Is it generally normal to hold countries accountable for every person that dies due to their COVID policies?
https://en.wikipedia.org/wiki/COVID-19_pandemic_by_country_a...
the sense i get from my chinese friends are that the CCP is an annoying parent but they understand the challenges both domestic and international and largely agree with the compromises
Do they either clam up or act like it's a mortal insult to suggest that an independent democratic nation should not live in fear of impending violent conquest?
Because that's the kind of reaction that makes the reports of "happy life, all's good" a little harder to digest.
Not saying that's a unanimous opinion / response, of course. But it certainly seems to be the default.
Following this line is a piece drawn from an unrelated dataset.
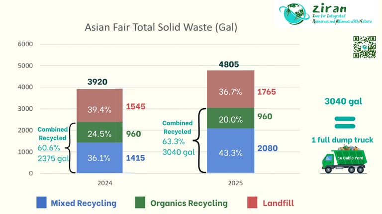 Altogether, there were 4,805 gallons of waste from the Asian Fair, a 22.6% increase in waste volume compared to 2024. But the majority did not go into landfill. ZIRAN and volunteers helped the fair’s businesses and attendees achieve a 63.3% diversion rate, sending only 1,765 gallons to landfills, diverting nearly twice as much. Moreover, the 63.3% diversion rate increased from the 60.6% diversion rate in 2024. While the percentage increase may seem modest, the sheer volume prevented from going to landfill is remarkable.
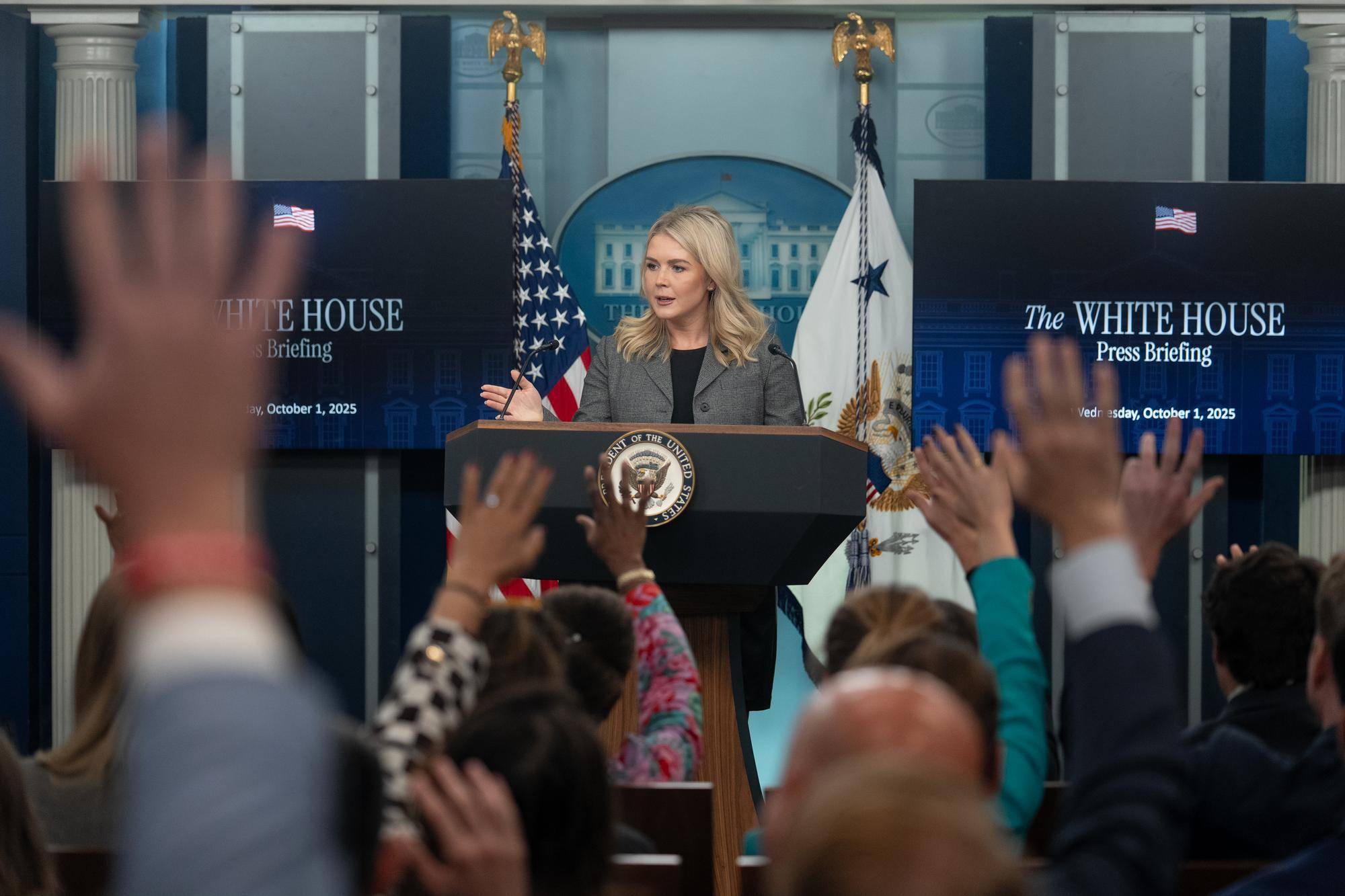 10月1日,在美国首都华盛顿白宫,白宫新闻秘书莱维特回答记者提问。新华社记者胡友松摄法新社援引一名乌克兰高级官员的话报道,美方在日内瓦会谈中继续施压乌方接受美方所提方案。这名官员说,尽管美方没有直接威胁将停止对乌援助,但乌方认识到这种可能性明显存在。莱维特24日称,特朗普“停止了这场战争的资金”,虽然美方仍继续通过北约向乌克兰提供大量武器,“但我们不可能永远这样做”。

Are you saying you would've been neutral on an invasion of Taiwan before 1985 or so, since it wasn't a democracy?
Compared to the U.S. which currently has no foreign nationals detained illegally?
Pick any country and you will find political dissidents. The existence of angry emigrants is not evidence that a country is worse than we could ever imagine.
You haven't addressed at all the parts about blacklisting whole families for political reasons, or horrible return-to-normal policies for covid-19 three years ago, or the general pendulum-swing-back-to-evil trend.
Your wife feels a certain way and wanted to avoid a certain hypothetical. But since it didn't happen, we have no way of knowing how relevant these feelings are.
How can we address blacklisting and covid response if you are insisting that any comparison isn't relevant and that we should evaluate it with no baseline?
Sensationalizing claims then qualifying them later is inherently dishonest.